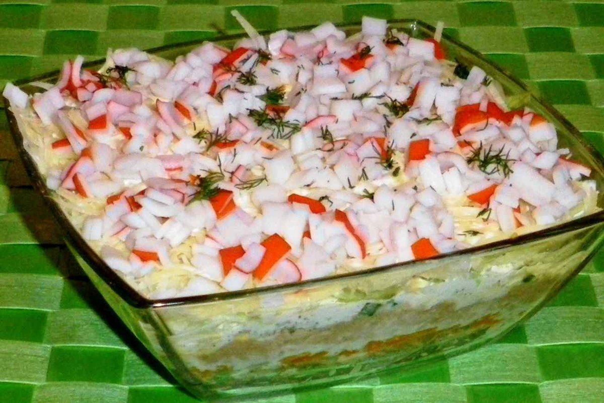 ИНГРЕДИЕНТЫ: Морская капуста - 100 г Лук - 2 шт. Яйца - 3 шт. Крабовые палочки - 120 г Консерва "Скумбрия" в масле - 1 банка. Краснокочанная капуста - половина кочана. Майонез - 300 г Петрушка - несколько веточек. ПРИГОТОВЛЕНИЕ: Капусту порубить и чуть посолить,память. Яйца отварить и мелко порезать. Лук нарезать соломкой. Крабовые палочки нарезать кубиками. Скумбрию помять вилкой. Салат выкладываем в глубокую салатницу слоями: 1 слой - морская капуста. 2 слой - лук. 3 слой - крабовые палочки. 4 слой - яйца. Полить майонезом. 5 слой - скумбрия. 6 слой - краснокочанная капуста. Полить хорошо майонезом. Верх украсить ( по желанию): крабовые палочки порезать колечками и сделать цветочки, к ним приложить веточки петрушки.
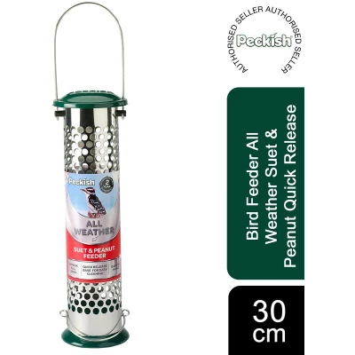General description Peckish All Weather Suet & Peanut Feeder is designed for easy filling and hanging, making it a convenient choice for bird enthusiasts. The feeder features a removable plastic insert that helps reduce mess during cleaning. Technical specifications Size: 30 cm Material: Perforated stainless steel Features: Quick-release base for easy cleaning Usage Remove the lid at the top of the feeder and fill it with Peckish Peanuts. Hang the feeder from a tree, dining station, or universal feeder hook. Place the feeder 2 meters from cover to make it visible while providing a safe retreat for birds. Feed birds at the start of the day to help them regain energy lost overnight. Maintain a consistent feeding routine to support birds throughout the year, especially during breeding, nesting, and fledgling periods. Ensure feeders are located near cover for easy access, but not too close to avoid predators. Provide fresh, clean water for drinking and bathing. Regularly clean feeding
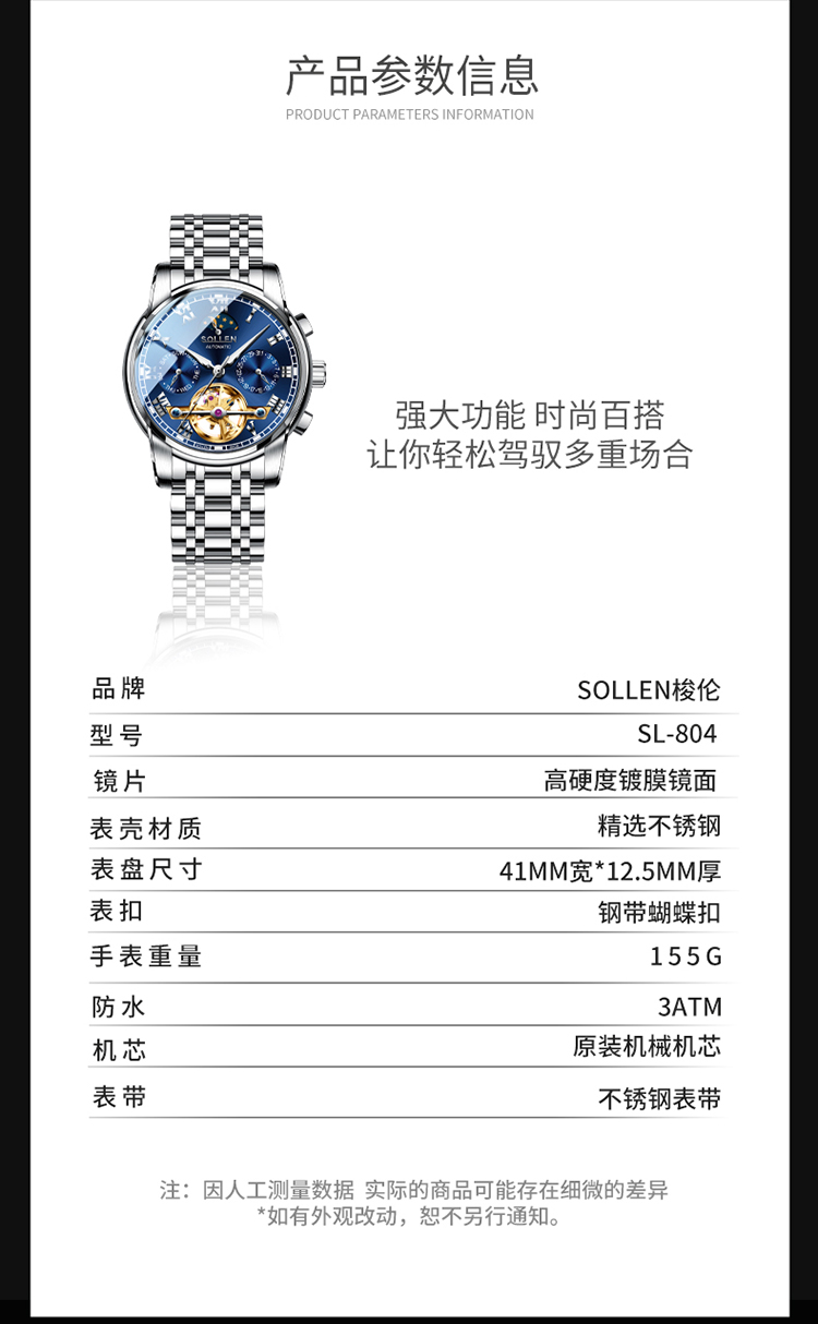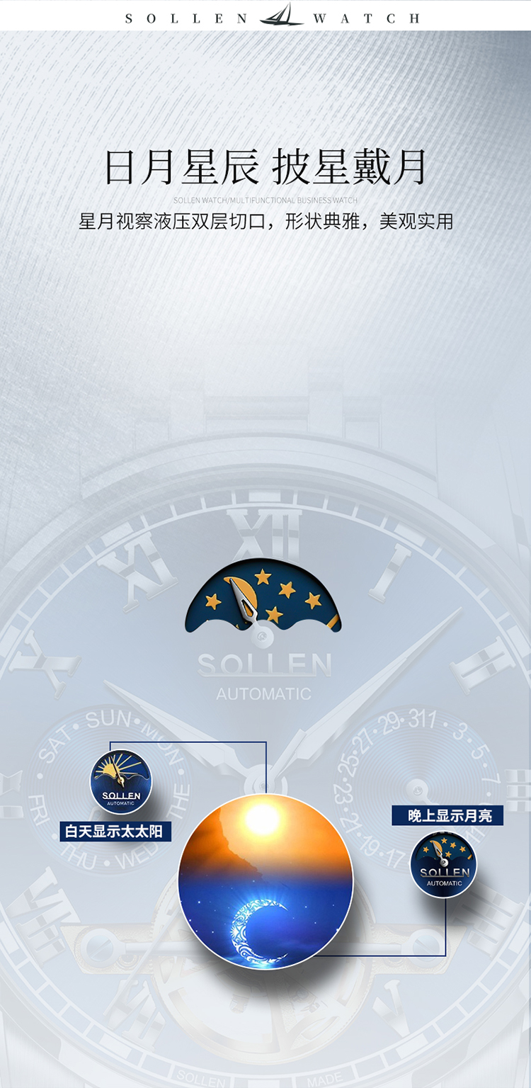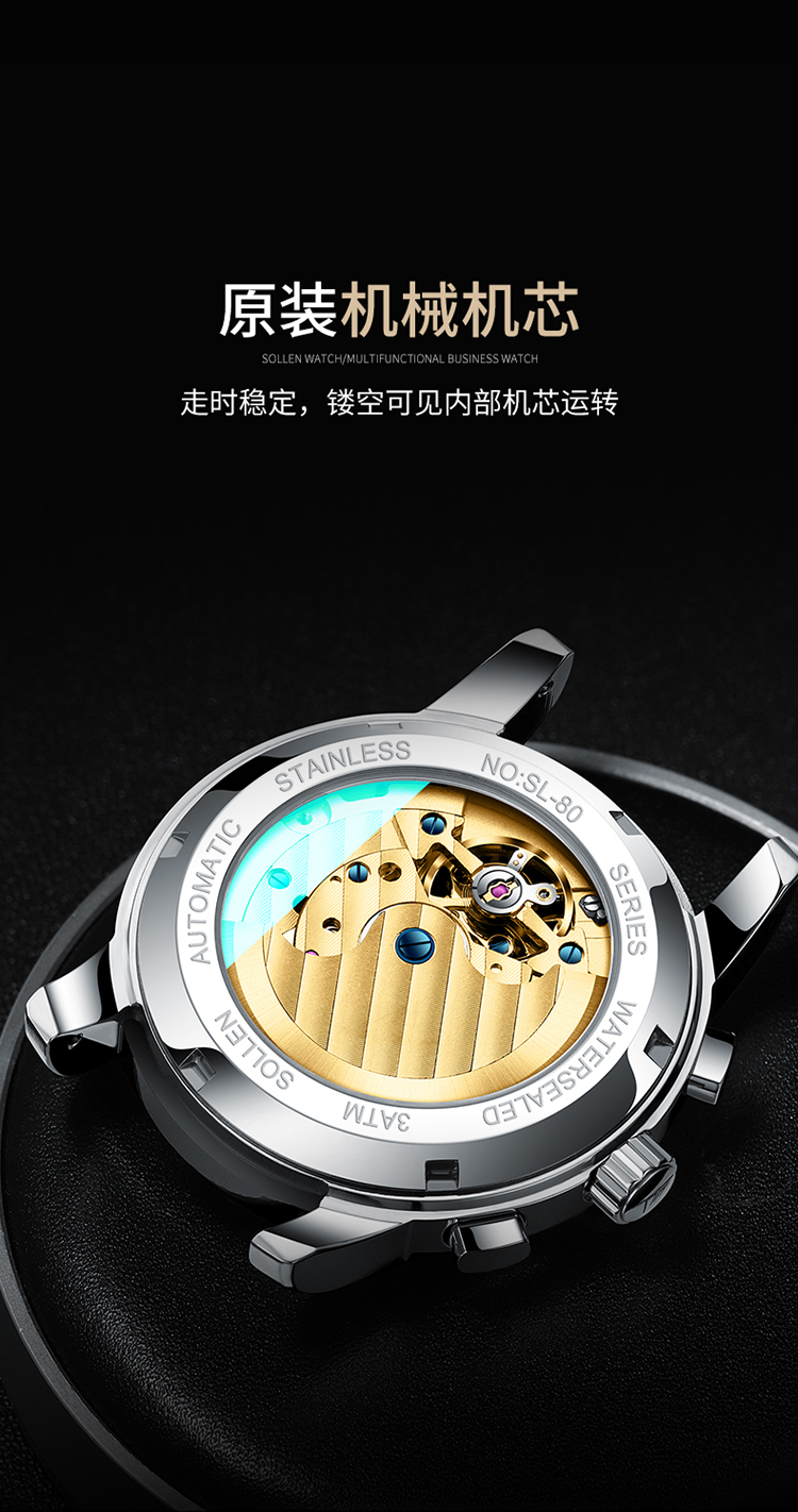 【SL804】梭伦原创设计多功能机械表
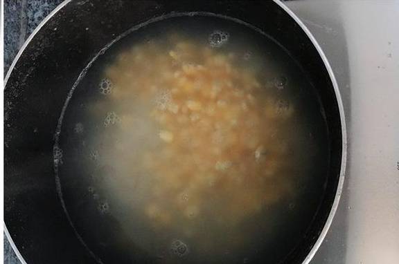 四、随后倒入准备的玉米粒,大火烧开,转小火慢熬20分钟;
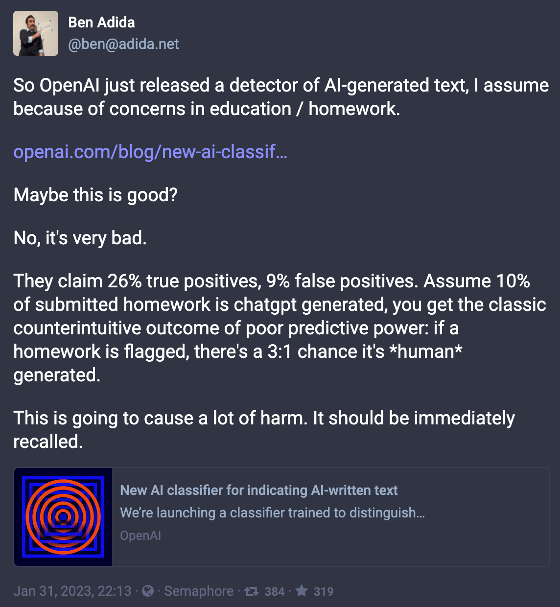But while TikTok is creating meaning from gibberish, the AI content farms are hard at work creating gibberish from meaning. OpenAI announced an “AI classifier for indicating AI-written text,” which is great right? Let the AI spot the AI-generated text and end AI-powered cheating before it even starts? Only if you let the AI do the math, as Ben Adida pointed out:
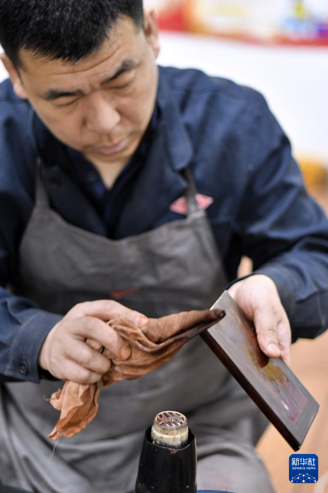 5月7日,北京龙顺成中式家具有限公司生产基地的技师在用传统技艺为不使用油漆的硬木家具烫蜡。
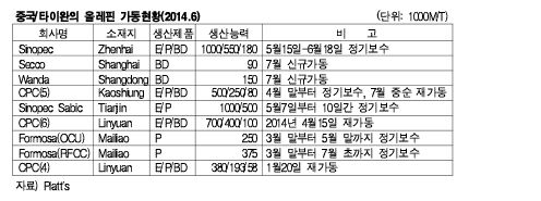 표,그래프: <중국/타이완의 올레핀 가동현황(2014.6)> <화학저널 2014/06/16> |
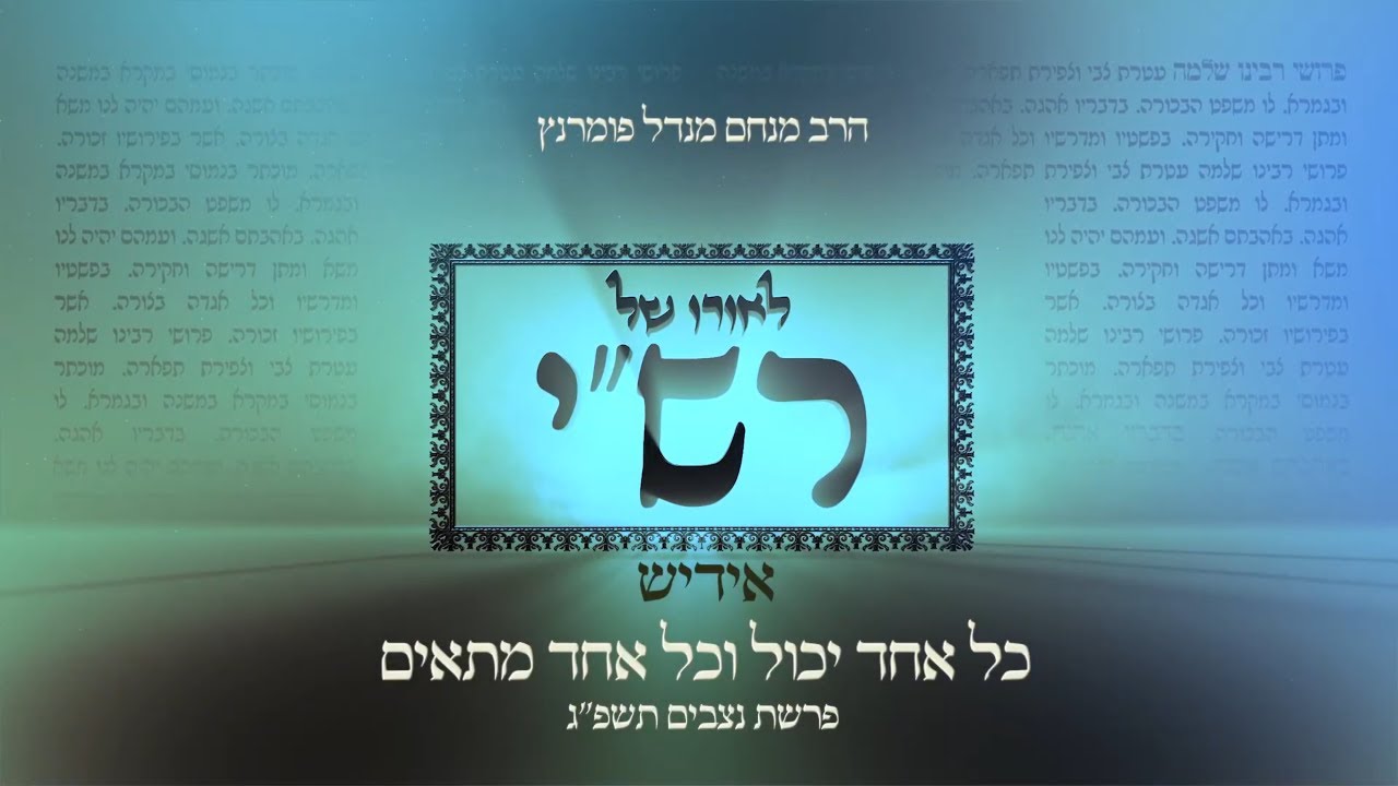 הרב מנחם מנדל פומרנץ | לאורו של רש"י -אידיש- פרשת נצבים תשפ"ג • כל אחד יכול וכל אחד מתאים •
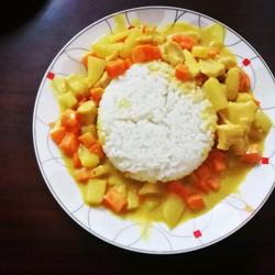 10. Serve the rice and pour it over Curry juice, babies who love curry will definitely like it
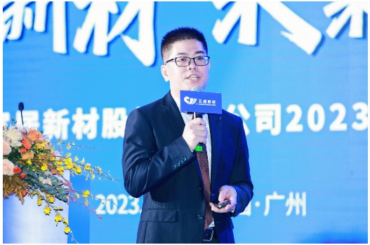 以硬核產品為基礎,演繹標桿性產品升級,展現毫不遜色的產品實力。銷售部經理湯志恒現場揭開2023三威新材四大系列新品體系的神秘面貌。
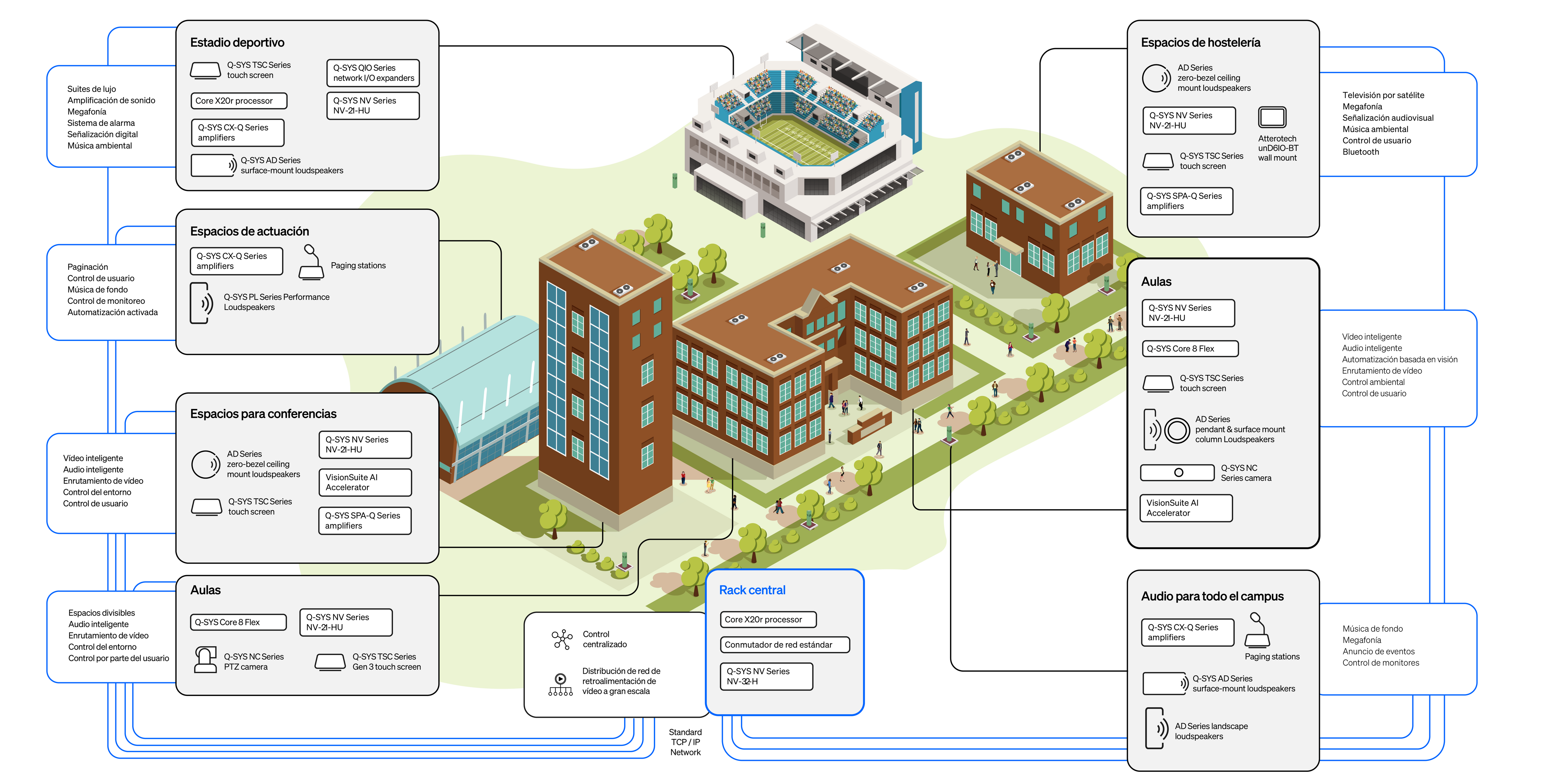 Agregue capacidades avanzadas de audio, video, control y monitore a aulas, salas de conferencias, teatros, y estadios sin sacrificar la usabilidad. Explore cómo Q-SYS admite:
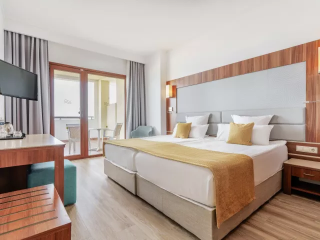 Dvojlôžková izba, Výhľad na more: centrálna klimatizácia, TV/SAT, telefón, Wi-Fi (zadarmo), minichladnička, trezor (za poplatok), kúpeľňa/WC (sušič vlasov), balkón alebo terasa Ostatné typy izieb (pokiaľ nie je uvedené inak, majú izby vyššie uvedené vybavenie) Dvojlôžková izba, Superior, Výhľad park: priestrannejšie, rozkladacia pohovka, výhľad do parku Dvojlôžková izba, Superior , Výhľad na more: priestrannejšie, rozkladacia pohovka, výhľad na more Rodinná izba, Výhľad na more: 2 izby, výhľad na more Dvojlôžková izba ,Club ,Výhľad na more: My Favorite Club služby*, výhľad na more Dvojlôžková izba ,Club, Superior ,Výhľad na more: priestrannejší s rozkladacou pohovkou, výhľad na more, My Favorite Club služby* *MY FAVORITE CLUB výber tých najlepších izieb rozšírená ponuka toaletných potrieb rýchlovarná kanvica so sadou na prípravu kávy a čaju kávovar na kapsule izbový trezor zadarmo šľapky uvítací minibar s nealkoholickými napojmi, fliaš vody a pivom pillow menu (na vyžiadanie) fľaša sektu a uvítacie menu pri check-ine rezervované miesta v hlavnej reštaurácii a pri hlavnom bazéne prístup do My Favorite Club salóniku (občerstvenie a nealkoholické nápoje v priebehu dňa)
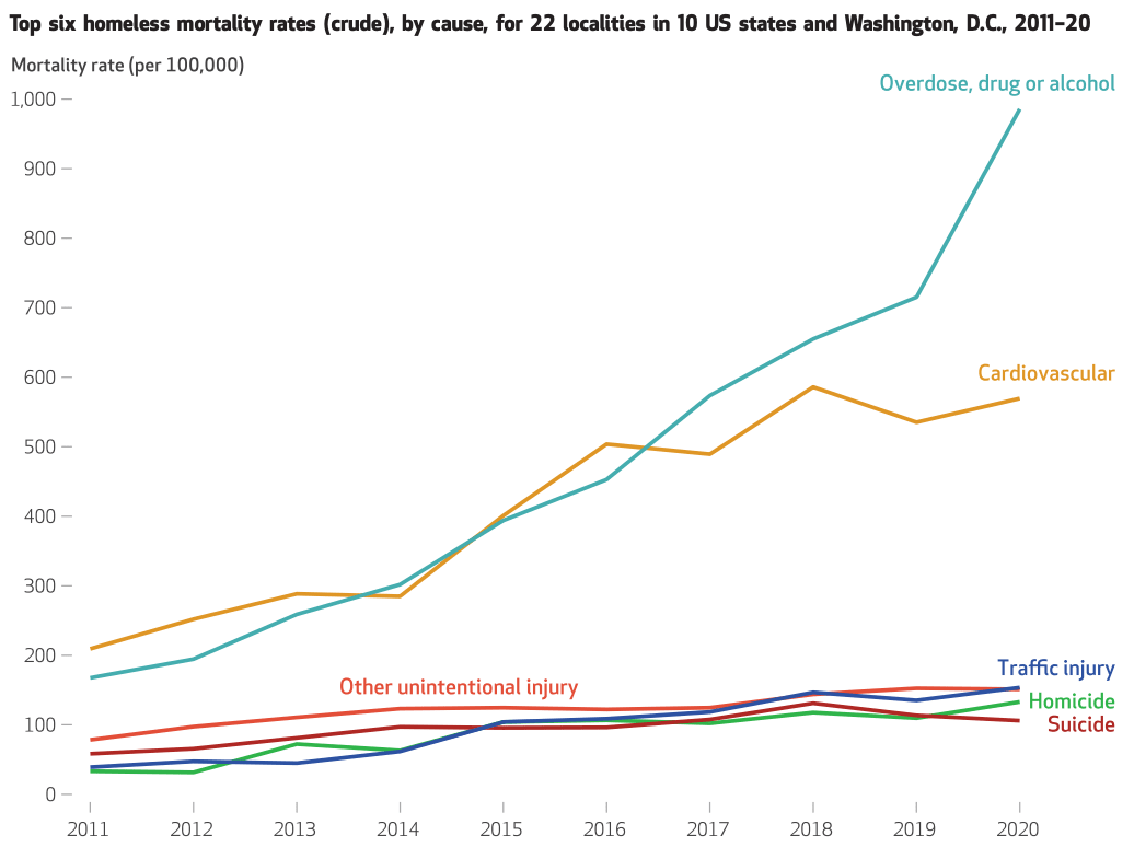 It’s also the case that the rate of death from traffic accidents among the homeless has dramatically risen in recent years. A study on the causes of death in the homeless across several different locations found that traffic fatalities had increased substantially from 2011 to 2020 (eyeballing the graph, it seems to have roughly quadrupled, from around 40 per 100,000 in 2011 to 150 per 100,000 in 2020).

^^^^

▸ Task requirements
Each line from the one that contains "5月7日,北京龙顺成中式家具" down to the one that contains "以硬核產品為基礎,演繹標桿性" is to be returned exactly as it stands above, both ends included, with pictures removed.

▸ Task output
 5月7日,北京龙顺成中式家具有限公司生产基地的技师在用传统技艺为不使用油漆的硬木家具烫蜡。
 표,그래프: <중국/타이완의 올레핀 가동현황(2014.6)> <화학저널 2014/06/16> |
 הרב מנחם מנדל פומרנץ | לאורו של רש"י -אידיש- פרשת נצבים תשפ"ג • כל אחד יכול וכל אחד מתאים •
 10. Serve the rice and pour it over Curry juice, babies who love curry will definitely like it
 以硬核產品為基礎,演繹標桿性產品升級,展現毫不遜色的產品實力。銷售部經理湯志恒現場揭開2023三威新材四大系列新品體系的神秘面貌。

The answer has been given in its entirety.